■ Given data ■
════════════════

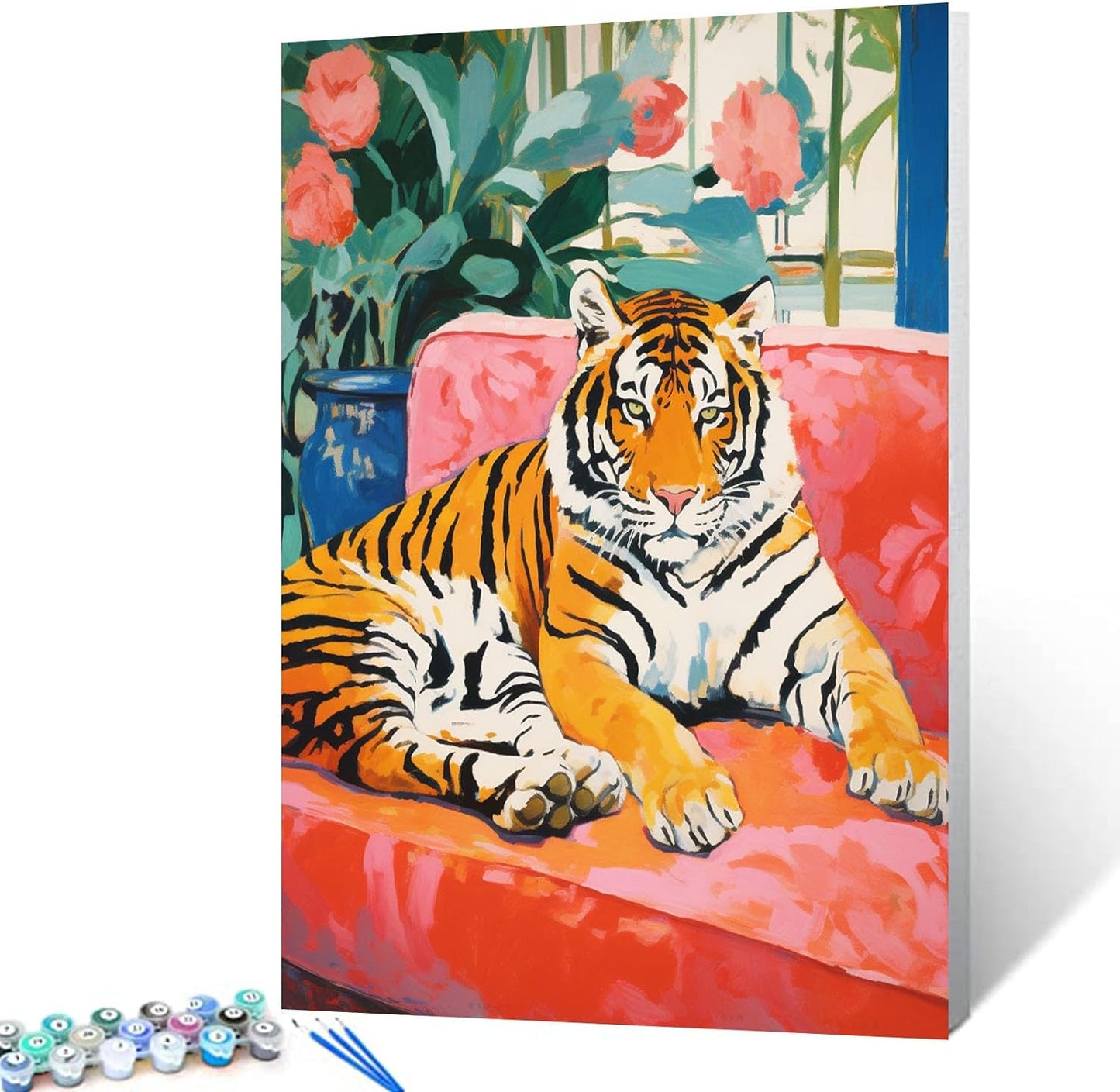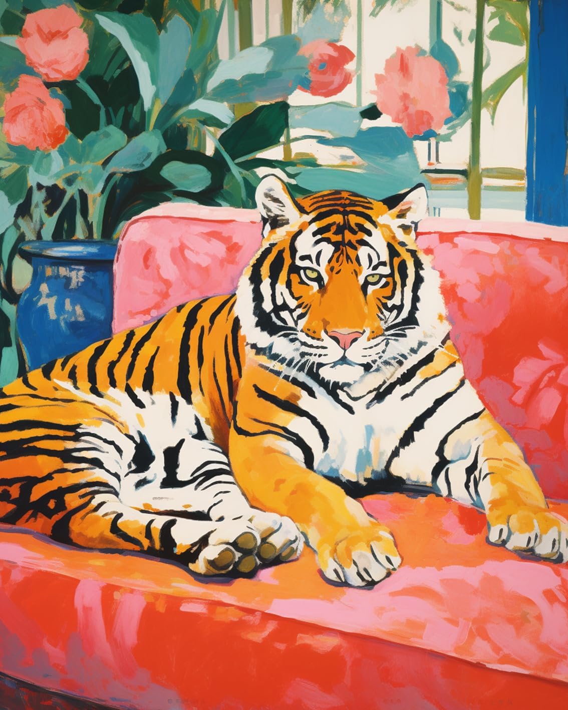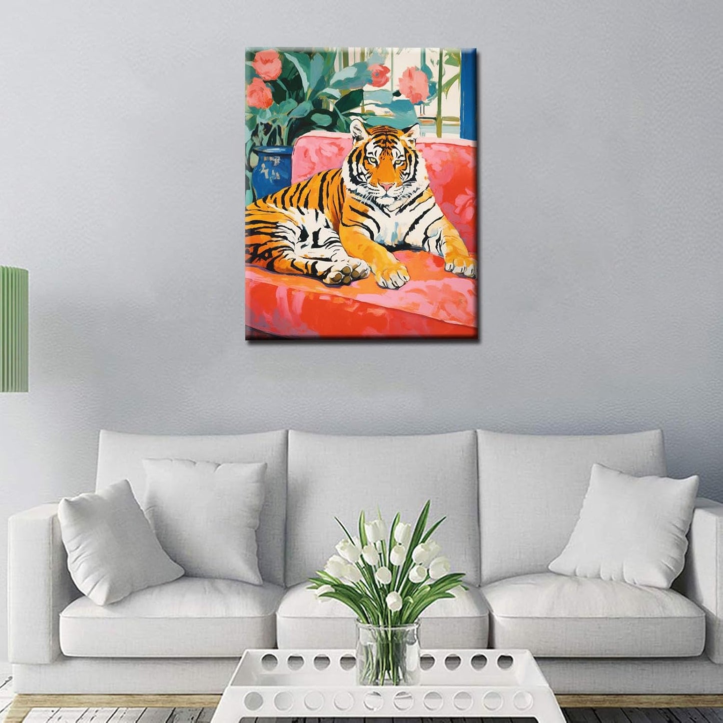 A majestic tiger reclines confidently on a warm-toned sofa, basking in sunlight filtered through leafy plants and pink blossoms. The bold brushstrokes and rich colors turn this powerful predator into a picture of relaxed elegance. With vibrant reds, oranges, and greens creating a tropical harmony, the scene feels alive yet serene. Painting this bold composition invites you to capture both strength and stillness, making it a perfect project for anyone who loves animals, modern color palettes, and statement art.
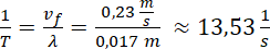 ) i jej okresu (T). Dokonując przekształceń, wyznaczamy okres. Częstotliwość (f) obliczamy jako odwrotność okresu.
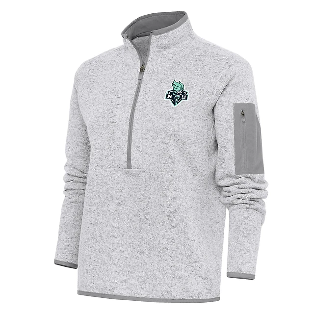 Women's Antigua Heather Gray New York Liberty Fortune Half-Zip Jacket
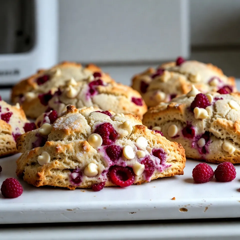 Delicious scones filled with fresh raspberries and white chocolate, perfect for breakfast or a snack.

════════════════

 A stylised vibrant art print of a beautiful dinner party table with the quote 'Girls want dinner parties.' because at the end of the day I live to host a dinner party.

════════════════

■ Your goal ■
Using the data above, copy exactly the lines from the one containing "A majestic tiger" to the one containing "Delicious scones filled", inclusive. Exclude the pictures.

■ Response area ■
 A majestic tiger reclines confidently on a warm-toned sofa, basking in sunlight filtered through leafy plants and pink blossoms. The bold brushstrokes and rich colors turn this powerful predator into a picture of relaxed elegance. With vibrant reds, oranges, and greens creating a tropical harmony, the scene feels alive yet serene. Painting this bold composition invites you to capture both strength and stillness, making it a perfect project for anyone who loves animals, modern color palettes, and statement art.
 ) i jej okresu (T). Dokonując przekształceń, wyznaczamy okres. Częstotliwość (f) obliczamy jako odwrotność okresu.
 Women's Antigua Heather Gray New York Liberty Fortune Half-Zip Jacket
 Delicious scones filled with fresh raspberries and white chocolate, perfect for breakfast or a snack.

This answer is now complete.